I would argue the opposite. The current climate presents an opportunity to demonstrate exactly what good veterinary care looks like: transparent, relationship-focused, and genuinely aligned with pet welfare. Done properly, health care plans embody these principles. Done poorly, they become precisely the kind of opaque commercial practice that erodes trust.
The CMA’s provisional decision identifies several concerns that directly relate to how veterinary practices structure and communicate their services. Chief among these are transparency around pricing, clarity about ownership and affiliations and ensuring that commercial interests do not unduly influence clinical recommendations. These are not unreasonable expectations; for many of us they reflect not only what any of us would want when entrusting someone with our family member’s care, but also what we already seek to provide to our patients.
Simultaneously, the profession faces genuine operational pressures. Staff well-being remains a critical concern, with RCVS surveys showing broad and consistent agreement that ours is a stressful line of work. Recruitment and retention are ongoing challenges. The economics of providing high-quality care are genuinely difficult, particularly for practices committed to fair wages and sustainable working hours.
Health care plans, when designed thoughtfully, can address both sets of concerns. They can provide the predictable revenue that supports sustainable business practices while simultaneously improving preventive care uptake and strengthening the relationship between practice and pet owner. The key lies in how they are structured and communicated.

A fundamental distinction exists between transactional businesses and relationship businesses. Transactional businesses optimise for individual purchases; relationship models focus on continuity of care over an individual’s lifetime. In veterinary medicine, this distinction matters enormously for patient outcomes.
Consider how pet ownership actually works. A pet joins a family, ideally receives preventive care throughout their life, occasionally requires treatment for illness or injury and eventually reaches the end of their life. The practice that sees this owner once for vaccinations and then not again until a crisis may have missed several patient advocacy opportunities. The practice that maintains regular contact, prompts appropriate preventive care and is present throughout the pet’s life story has fulfilled its role as a health care provider.
Health care plans facilitate this ongoing relationship. By bundling essential preventive care into a monthly subscription, they reduce the friction that leads to missed vaccinations, lapsed parasite prevention and skipped health checks. The pet owner commits to a relationship; the practice commits to proactive care.
This is not merely a commercial observation. The persistent and widening gap in preventive care uptake across the UK pet population is well documented by PDSA and others. Research from large-scale international studies shows that pets enrolled in health care plans receive more consistent preventive care than those attending on an ad hoc basis. They also present earlier when problems arise. The loyalty that develops is not transactional, but relational, earned through demonstrated value.
One of the most useful conversations any practice can have with a client, and one that too often gets compressed into a leaflet rack, is helping them understand that there are three distinct ways to manage the cost of their pet’s care. Pay-as-you-go covers everything at the point of need. Pet insurance exists for the unexpected. And a health care plan covers the expected: the routine preventive care your team will be recommending as a matter of course.
Insurance is something you have but hope you will not need. A health care plan covers what your pet will benefit from predictably, every year. The two are complementary, not interchangeable. Practices that take the time to explain this distinction clearly are genuinely helping their clients make better decisions, and it is the kind of conversation that builds trust precisely because it is not trying to sell anything.

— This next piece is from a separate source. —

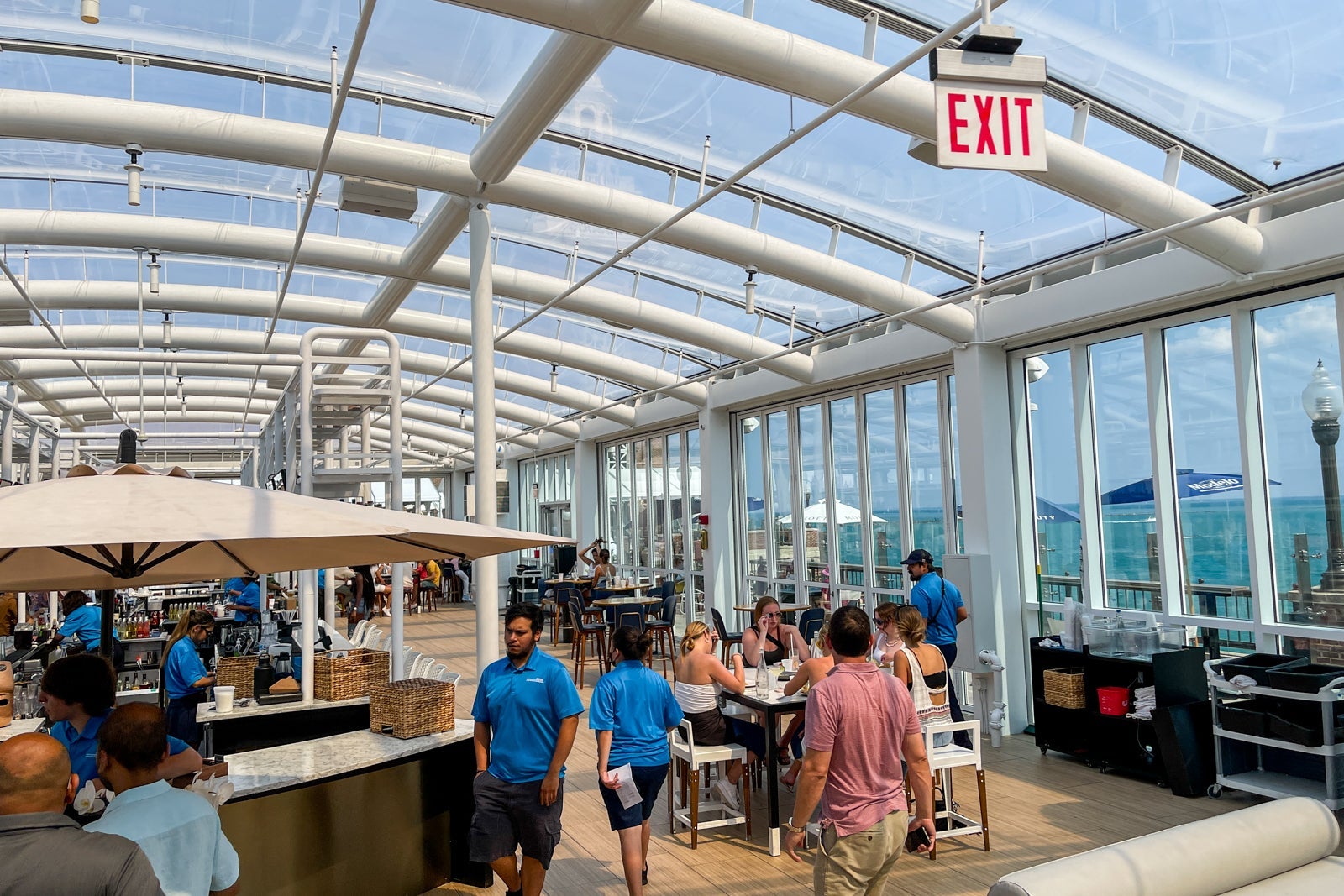 We had a reservation for dinner at Offshore later in the day, but left before we were seated. There were long lines and very weak air conditioning in the indoor area. It felt like a greenhouse because of its transparent roof, and the staff didn't provide any updates on when we would be seated – despite having shown up on time for our reservation.

The right choice for an owner is not always straightforward. I remember working in a clinic where the membership plan included neutering as standard for puppies and kittens. One owner was adamant that he did not want his dog neutered, but equally adamant that he wanted his pup on the membership. I tried to explain that without the surgery, pay-as-you-go made more sense financially for him. He was offended: “Just because I don’t want him neutered, doesn’t mean I don’t want the best for him.”
That conversation has stayed with me because it reveals something about what clients are really asking for, and how they may feel judged for their choices. While payment clarity is certainly important, when you construct a membership you are, in fact, designing more than just another way to pay.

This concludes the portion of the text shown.